*** PROVIDED RECORDS
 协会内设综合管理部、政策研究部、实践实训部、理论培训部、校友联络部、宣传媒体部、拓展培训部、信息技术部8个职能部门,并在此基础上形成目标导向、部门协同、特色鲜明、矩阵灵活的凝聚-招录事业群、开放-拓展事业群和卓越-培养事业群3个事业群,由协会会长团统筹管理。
******
*** PROVIDED RECORDS
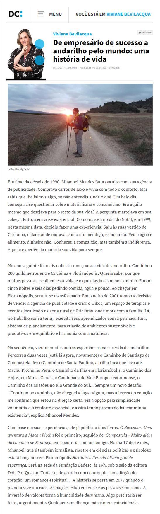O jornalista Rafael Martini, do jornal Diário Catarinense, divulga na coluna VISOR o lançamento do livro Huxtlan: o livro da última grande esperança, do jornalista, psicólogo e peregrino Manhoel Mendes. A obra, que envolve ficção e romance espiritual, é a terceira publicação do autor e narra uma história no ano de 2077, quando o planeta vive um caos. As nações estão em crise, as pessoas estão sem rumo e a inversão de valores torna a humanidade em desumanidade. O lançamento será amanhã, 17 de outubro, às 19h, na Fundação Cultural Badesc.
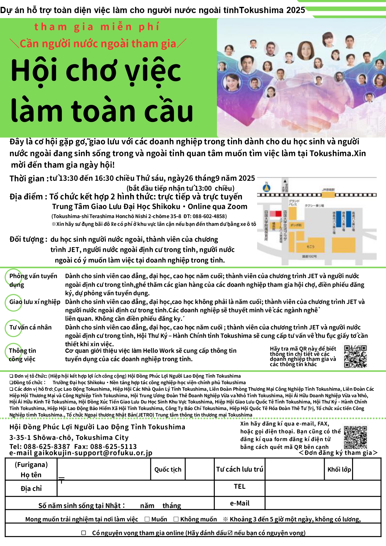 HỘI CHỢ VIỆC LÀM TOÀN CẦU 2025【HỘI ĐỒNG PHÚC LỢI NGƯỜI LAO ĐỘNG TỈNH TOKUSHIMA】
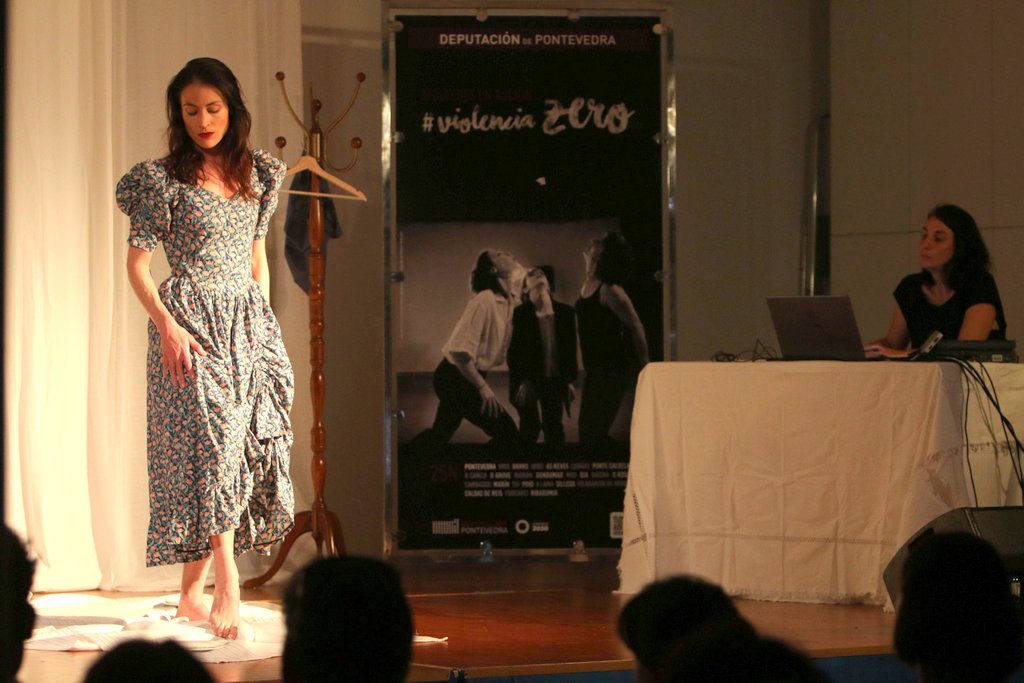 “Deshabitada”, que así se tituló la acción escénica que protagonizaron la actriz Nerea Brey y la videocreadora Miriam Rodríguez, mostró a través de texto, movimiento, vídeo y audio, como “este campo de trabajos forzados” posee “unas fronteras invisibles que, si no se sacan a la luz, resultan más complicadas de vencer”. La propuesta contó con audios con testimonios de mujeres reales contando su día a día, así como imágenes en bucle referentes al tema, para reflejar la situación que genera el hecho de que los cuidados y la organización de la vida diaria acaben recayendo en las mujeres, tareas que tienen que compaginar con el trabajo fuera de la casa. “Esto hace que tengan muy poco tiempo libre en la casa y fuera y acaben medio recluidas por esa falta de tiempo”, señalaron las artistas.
******
*** PROVIDED RECORDS
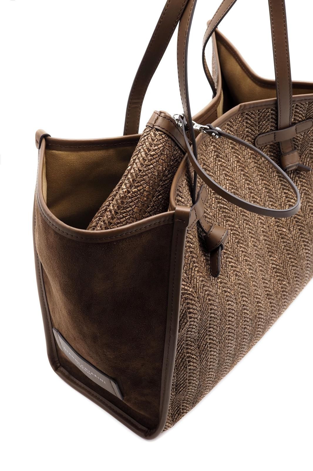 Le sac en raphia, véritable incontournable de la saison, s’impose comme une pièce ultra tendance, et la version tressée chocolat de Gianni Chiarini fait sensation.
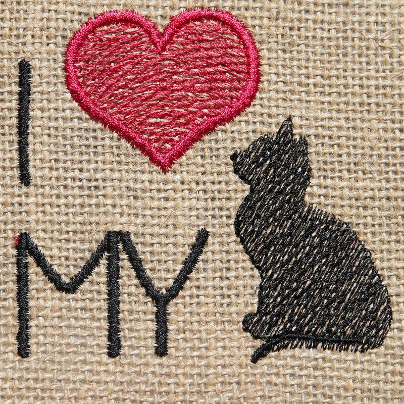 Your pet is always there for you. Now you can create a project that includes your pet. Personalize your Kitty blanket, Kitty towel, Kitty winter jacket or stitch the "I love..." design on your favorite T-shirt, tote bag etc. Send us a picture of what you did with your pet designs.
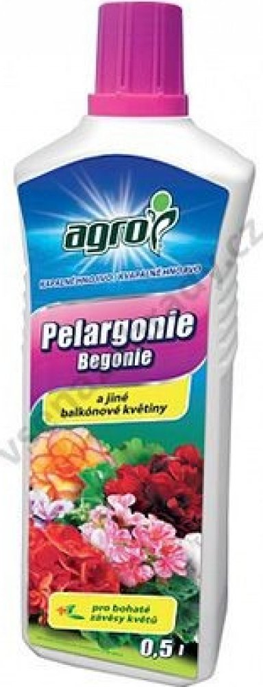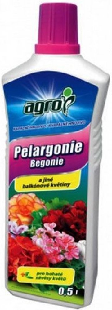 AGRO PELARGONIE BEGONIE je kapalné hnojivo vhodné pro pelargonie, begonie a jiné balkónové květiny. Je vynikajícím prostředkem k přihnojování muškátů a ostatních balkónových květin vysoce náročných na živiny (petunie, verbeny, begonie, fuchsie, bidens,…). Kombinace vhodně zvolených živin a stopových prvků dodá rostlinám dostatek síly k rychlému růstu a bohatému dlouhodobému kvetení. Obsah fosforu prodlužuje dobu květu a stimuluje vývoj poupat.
******
- **TASK PROMPT**: Write out, word for word, the stretch of entries that begins at the line with "Le sac en raphia, véritable" and ends at the line with "AGRO PELARGONIE BEGONIE". Pictures do not belong in it.

- **REPLY**:
 Le sac en raphia, véritable incontournable de la saison, s’impose comme une pièce ultra tendance, et la version tressée chocolat de Gianni Chiarini fait sensation.
 Your pet is always there for you. Now you can create a project that includes your pet. Personalize your Kitty blanket, Kitty towel, Kitty winter jacket or stitch the "I love..." design on your favorite T-shirt, tote bag etc. Send us a picture of what you did with your pet designs.
 AGRO PELARGONIE BEGONIE je kapalné hnojivo vhodné pro pelargonie, begonie a jiné balkónové květiny. Je vynikajícím prostředkem k přihnojování muškátů a ostatních balkónových květin vysoce náročných na živiny (petunie, verbeny, begonie, fuchsie, bidens,…). Kombinace vhodně zvolených živin a stopových prvků dodá rostlinám dostatek síly k rychlému růstu a bohatému dlouhodobému kvetení. Obsah fosforu prodlužuje dobu květu a stimuluje vývoj poupat.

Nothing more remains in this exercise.